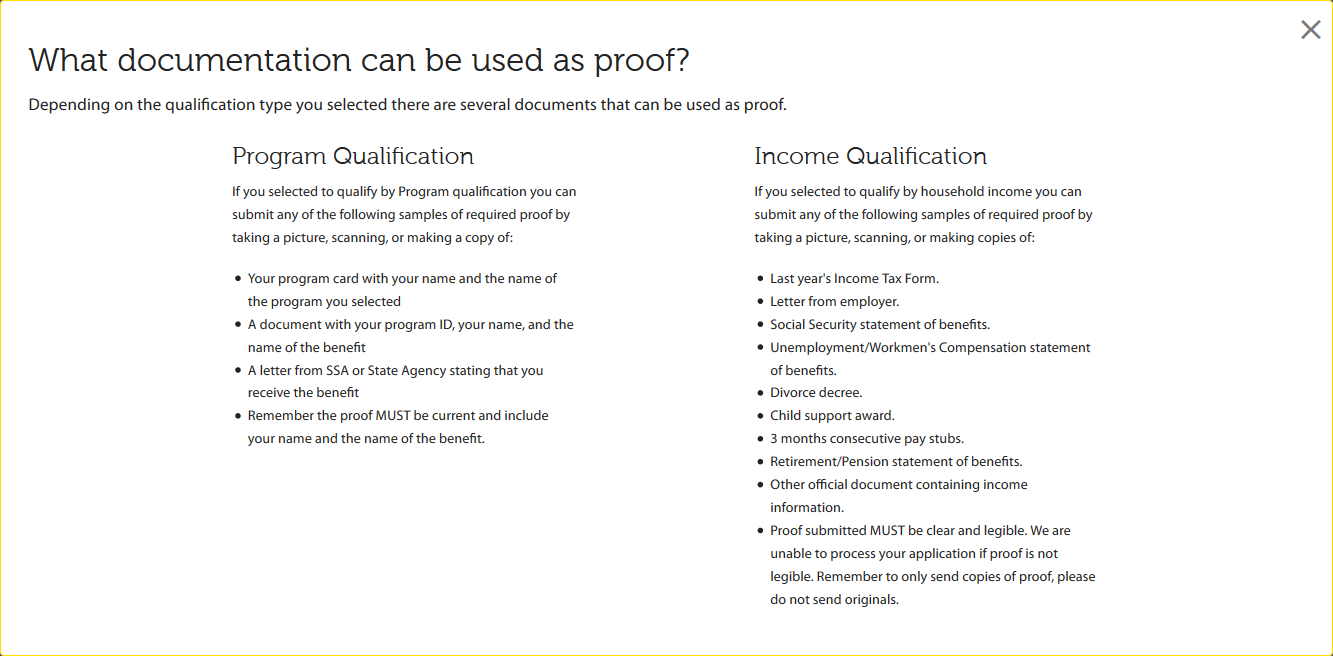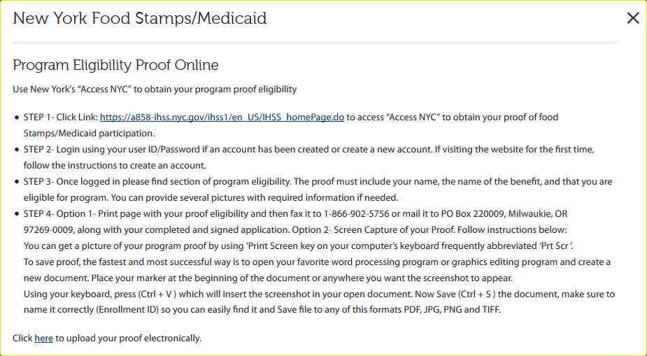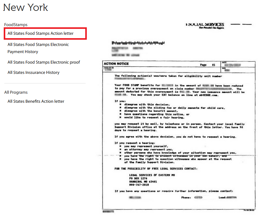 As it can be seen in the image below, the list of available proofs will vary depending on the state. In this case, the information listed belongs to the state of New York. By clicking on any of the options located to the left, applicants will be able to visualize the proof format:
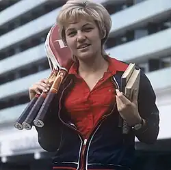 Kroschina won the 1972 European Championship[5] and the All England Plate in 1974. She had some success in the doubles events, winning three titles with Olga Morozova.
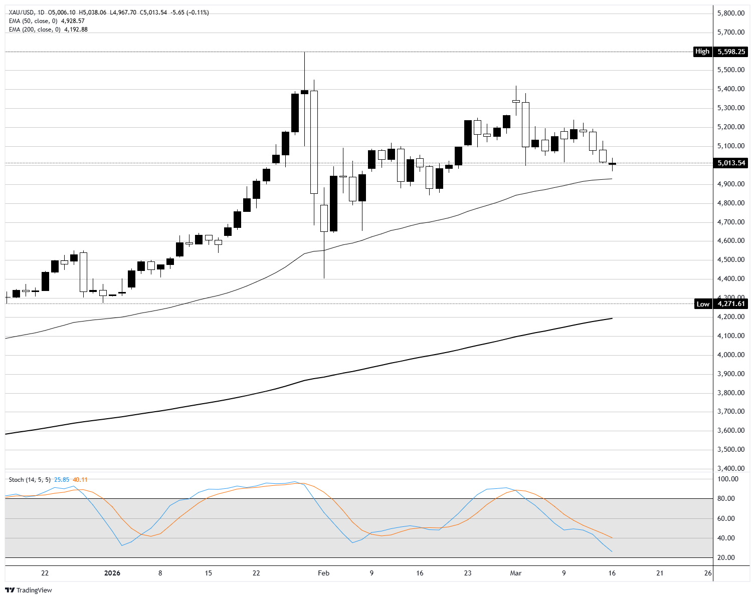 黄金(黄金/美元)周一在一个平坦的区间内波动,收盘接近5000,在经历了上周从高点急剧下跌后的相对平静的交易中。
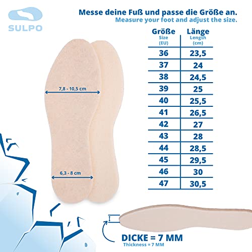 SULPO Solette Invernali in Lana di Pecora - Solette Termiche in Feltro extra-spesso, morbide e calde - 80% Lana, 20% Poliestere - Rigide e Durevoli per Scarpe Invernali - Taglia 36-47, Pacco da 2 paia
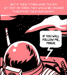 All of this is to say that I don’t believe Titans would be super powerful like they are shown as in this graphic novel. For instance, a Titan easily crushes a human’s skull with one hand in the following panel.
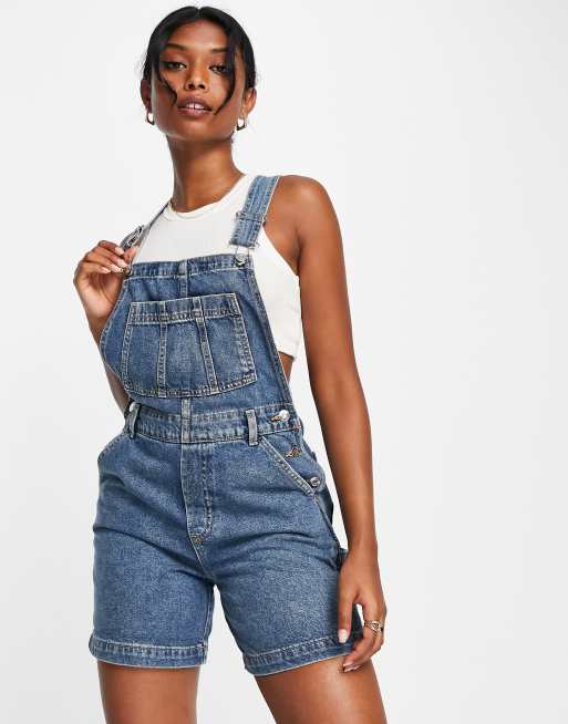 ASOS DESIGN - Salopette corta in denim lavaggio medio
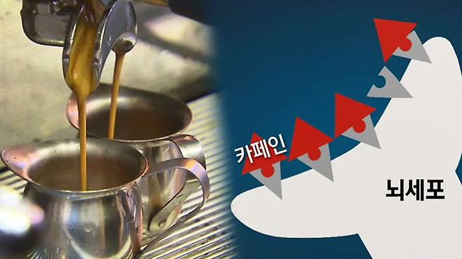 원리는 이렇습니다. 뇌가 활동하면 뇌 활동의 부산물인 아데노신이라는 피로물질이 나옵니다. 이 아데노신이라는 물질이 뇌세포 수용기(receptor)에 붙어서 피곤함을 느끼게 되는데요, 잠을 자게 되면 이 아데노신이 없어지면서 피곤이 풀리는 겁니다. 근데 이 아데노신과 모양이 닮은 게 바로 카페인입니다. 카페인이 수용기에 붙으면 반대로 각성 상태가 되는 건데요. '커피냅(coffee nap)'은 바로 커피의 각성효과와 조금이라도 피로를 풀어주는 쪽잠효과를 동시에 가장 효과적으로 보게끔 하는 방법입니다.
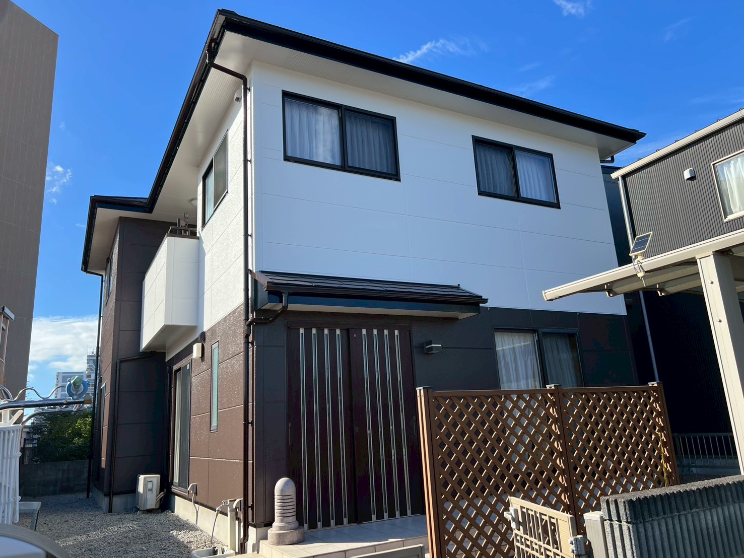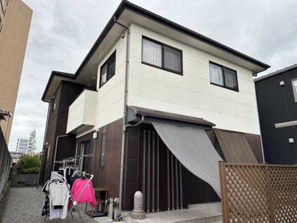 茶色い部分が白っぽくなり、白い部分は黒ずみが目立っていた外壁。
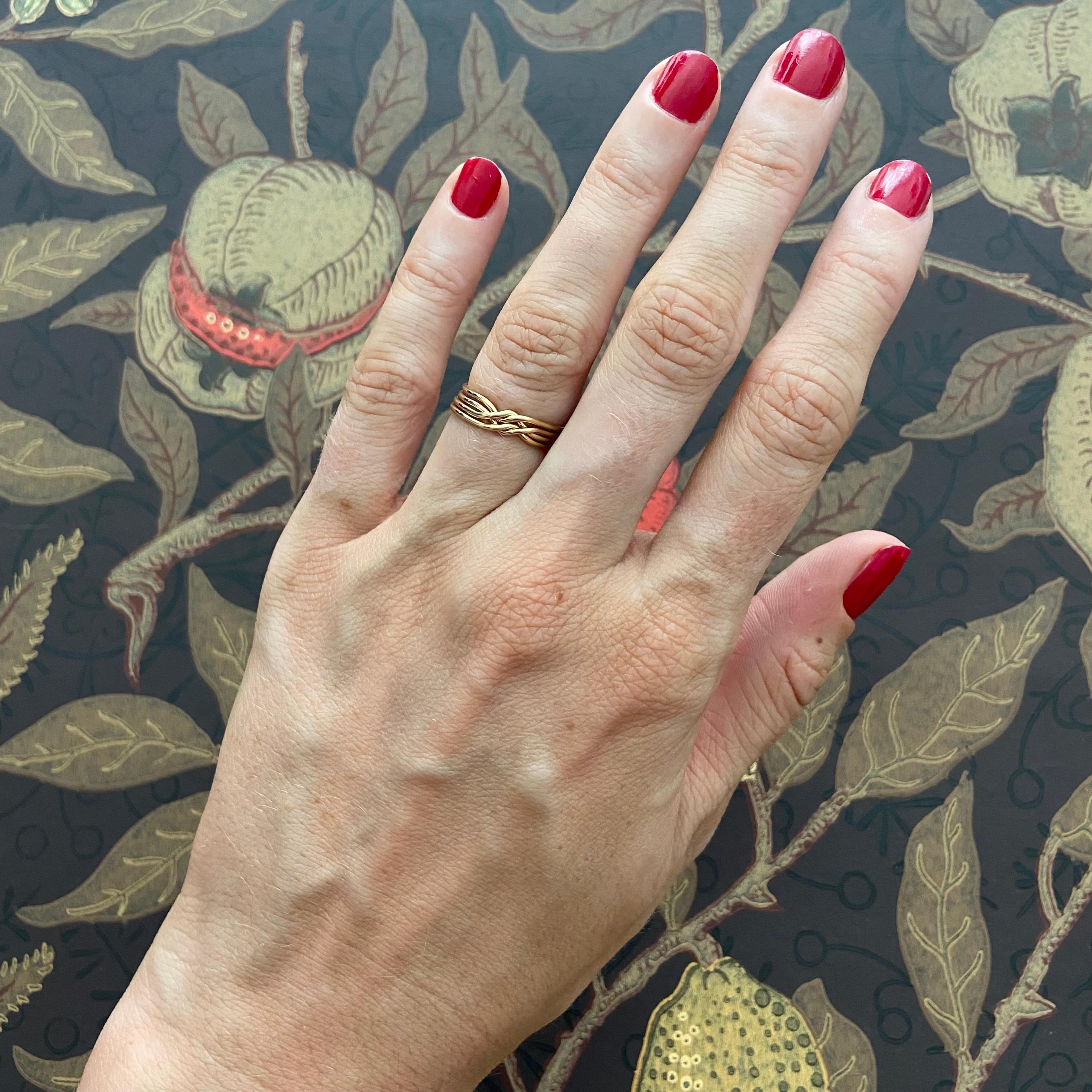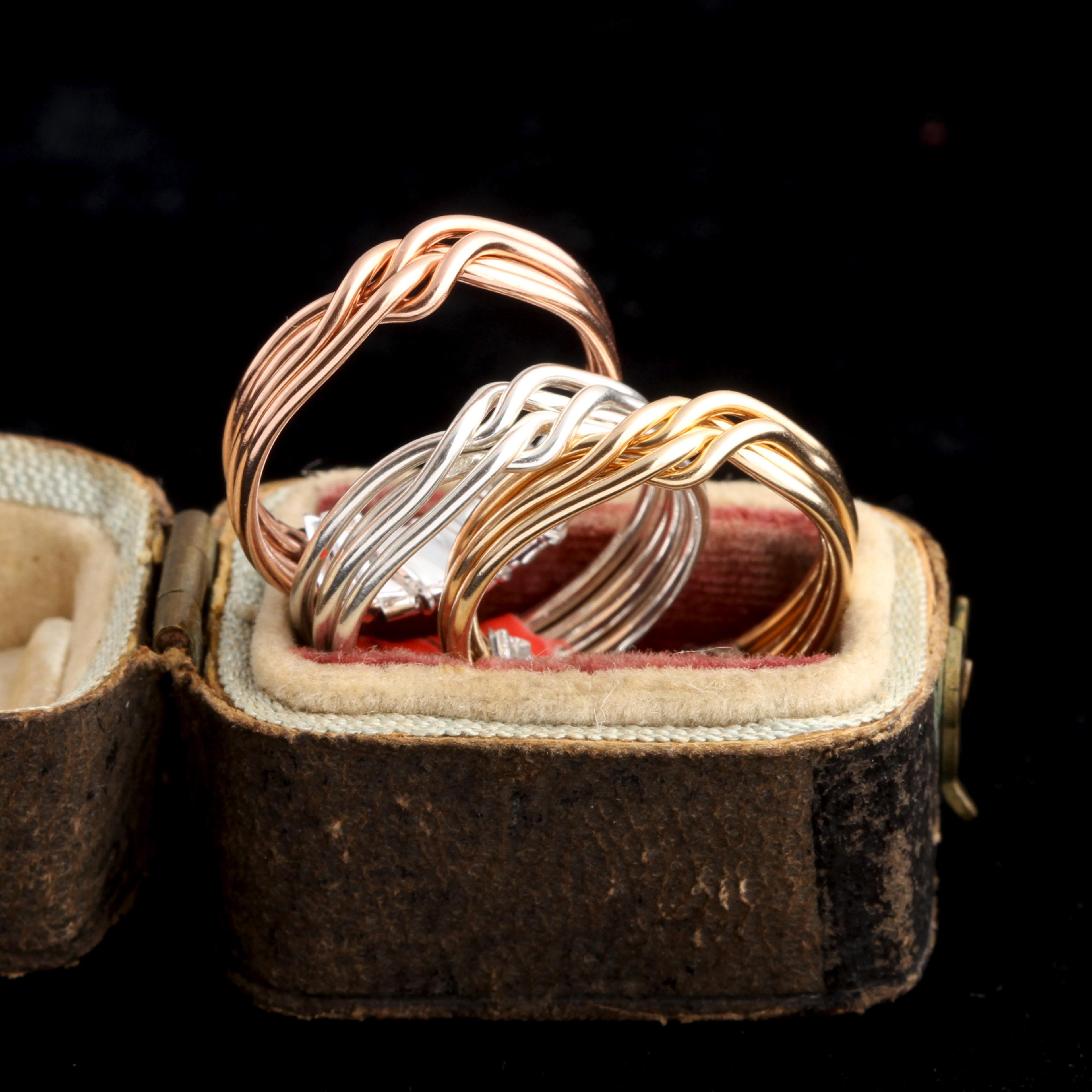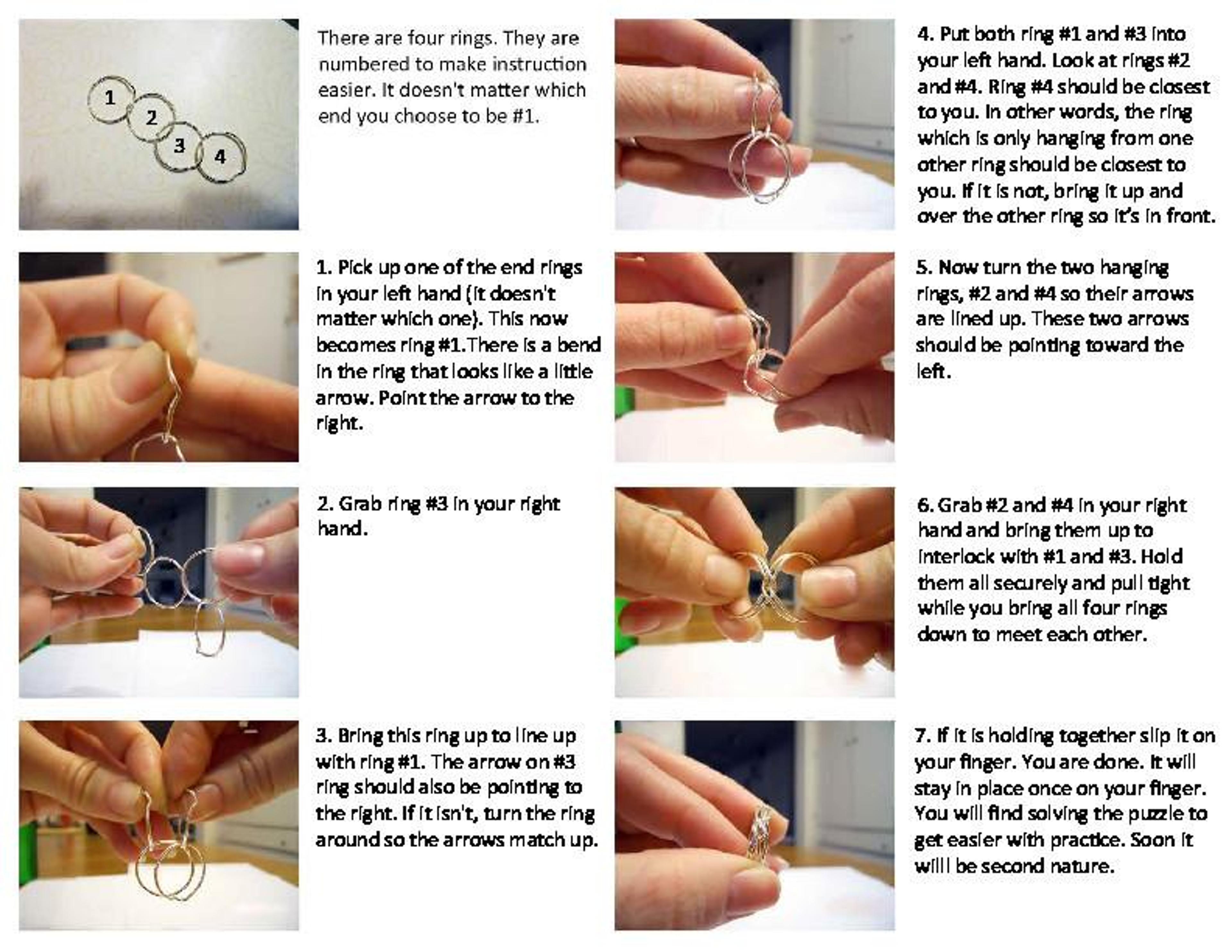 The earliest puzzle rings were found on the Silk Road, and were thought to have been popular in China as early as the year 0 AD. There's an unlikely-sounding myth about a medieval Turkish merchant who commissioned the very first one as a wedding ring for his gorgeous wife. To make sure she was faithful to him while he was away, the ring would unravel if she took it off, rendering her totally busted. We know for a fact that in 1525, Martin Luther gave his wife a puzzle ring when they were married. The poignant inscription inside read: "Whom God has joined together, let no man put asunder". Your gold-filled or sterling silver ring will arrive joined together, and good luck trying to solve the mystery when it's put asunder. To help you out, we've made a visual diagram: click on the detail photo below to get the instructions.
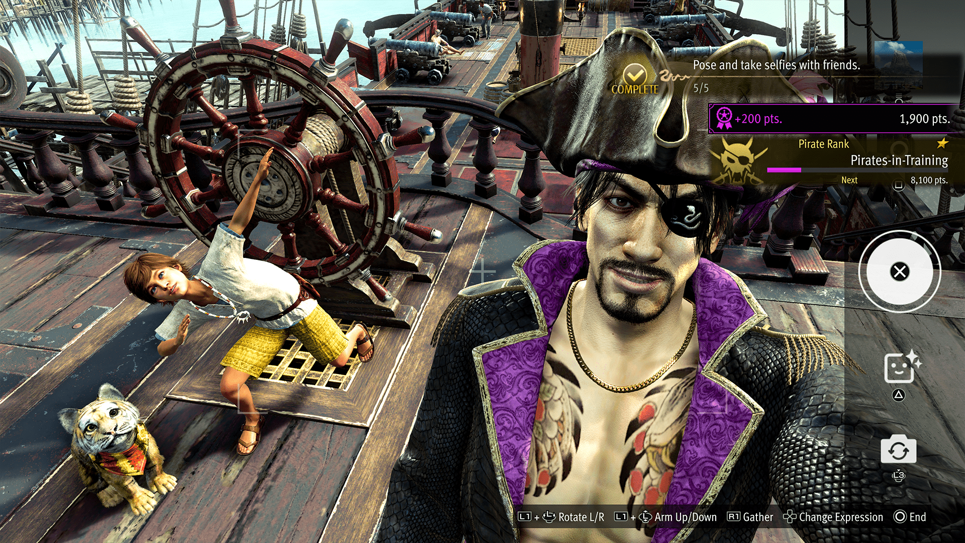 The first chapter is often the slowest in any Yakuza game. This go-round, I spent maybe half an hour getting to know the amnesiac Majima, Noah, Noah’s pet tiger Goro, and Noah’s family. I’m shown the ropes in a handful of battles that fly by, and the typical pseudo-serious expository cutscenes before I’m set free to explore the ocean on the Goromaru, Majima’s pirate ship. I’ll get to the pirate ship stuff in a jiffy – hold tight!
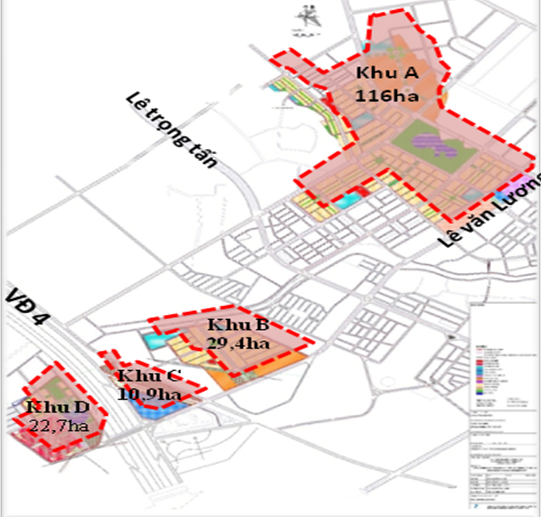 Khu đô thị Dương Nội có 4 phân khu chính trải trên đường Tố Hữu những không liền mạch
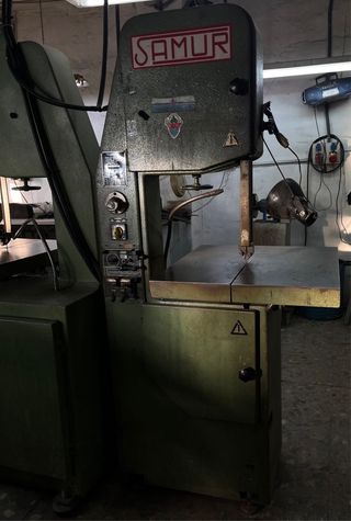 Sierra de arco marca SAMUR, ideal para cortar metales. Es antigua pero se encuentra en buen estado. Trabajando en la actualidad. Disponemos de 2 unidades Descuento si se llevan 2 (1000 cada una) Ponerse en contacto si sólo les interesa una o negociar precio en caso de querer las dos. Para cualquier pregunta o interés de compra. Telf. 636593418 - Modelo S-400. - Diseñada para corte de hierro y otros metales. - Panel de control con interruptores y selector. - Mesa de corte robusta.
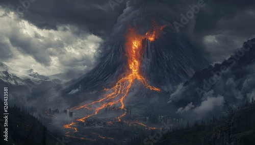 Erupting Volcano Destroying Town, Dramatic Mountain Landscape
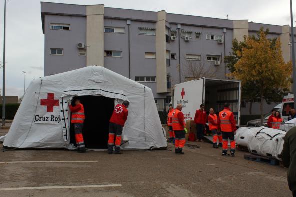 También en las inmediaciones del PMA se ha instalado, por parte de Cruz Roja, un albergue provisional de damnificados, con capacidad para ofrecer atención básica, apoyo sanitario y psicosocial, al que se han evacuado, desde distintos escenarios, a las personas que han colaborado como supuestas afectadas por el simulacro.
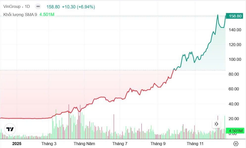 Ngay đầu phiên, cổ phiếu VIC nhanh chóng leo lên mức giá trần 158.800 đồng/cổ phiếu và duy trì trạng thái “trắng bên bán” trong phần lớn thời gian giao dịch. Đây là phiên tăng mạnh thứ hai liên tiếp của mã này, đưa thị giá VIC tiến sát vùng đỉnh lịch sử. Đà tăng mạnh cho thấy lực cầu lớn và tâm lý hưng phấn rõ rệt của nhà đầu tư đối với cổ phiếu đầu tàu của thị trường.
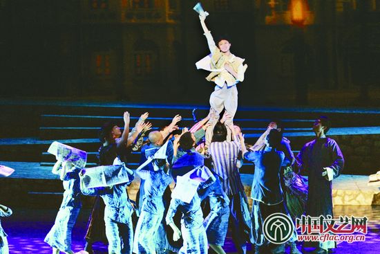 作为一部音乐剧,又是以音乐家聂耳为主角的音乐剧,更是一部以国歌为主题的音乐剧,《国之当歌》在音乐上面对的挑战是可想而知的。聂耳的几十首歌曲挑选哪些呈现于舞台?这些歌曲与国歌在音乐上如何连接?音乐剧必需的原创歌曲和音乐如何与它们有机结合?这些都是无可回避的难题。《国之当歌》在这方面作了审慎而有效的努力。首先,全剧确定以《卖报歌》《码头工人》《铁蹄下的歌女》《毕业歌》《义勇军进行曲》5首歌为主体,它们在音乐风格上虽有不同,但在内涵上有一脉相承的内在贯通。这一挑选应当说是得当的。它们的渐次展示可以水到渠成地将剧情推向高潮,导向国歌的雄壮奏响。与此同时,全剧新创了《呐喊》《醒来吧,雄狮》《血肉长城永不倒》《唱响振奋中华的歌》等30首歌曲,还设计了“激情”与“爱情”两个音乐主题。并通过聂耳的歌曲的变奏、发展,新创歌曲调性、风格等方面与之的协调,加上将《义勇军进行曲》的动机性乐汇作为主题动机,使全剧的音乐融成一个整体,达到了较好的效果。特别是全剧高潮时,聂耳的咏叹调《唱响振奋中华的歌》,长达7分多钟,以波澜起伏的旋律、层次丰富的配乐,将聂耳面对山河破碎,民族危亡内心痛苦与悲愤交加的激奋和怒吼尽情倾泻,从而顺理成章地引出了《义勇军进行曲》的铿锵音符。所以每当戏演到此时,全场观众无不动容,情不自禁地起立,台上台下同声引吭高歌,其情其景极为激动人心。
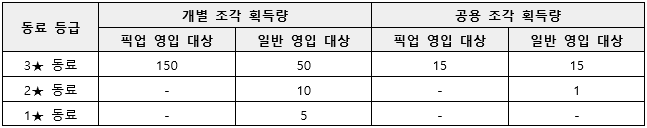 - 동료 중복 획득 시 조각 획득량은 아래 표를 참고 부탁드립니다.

|---|

Reproduce exactly the lines of the entries above from the first through the line with "黄金(黄金/美元)周一在一个", both included; pictures should not be reproduced.

- _RESPONSE FOR THIS EXERCISE_
 As it can be seen in the image below, the list of available proofs will vary depending on the state. In this case, the information listed belongs to the state of New York. By clicking on any of the options located to the left, applicants will be able to visualize the proof format:
 Kroschina won the 1972 European Championship[5] and the All England Plate in 1974. She had some success in the doubles events, winning three titles with Olga Morozova.
 黄金(黄金/美元)周一在一个平坦的区间内波动,收盘接近5000,在经历了上周从高点急剧下跌后的相对平静的交易中。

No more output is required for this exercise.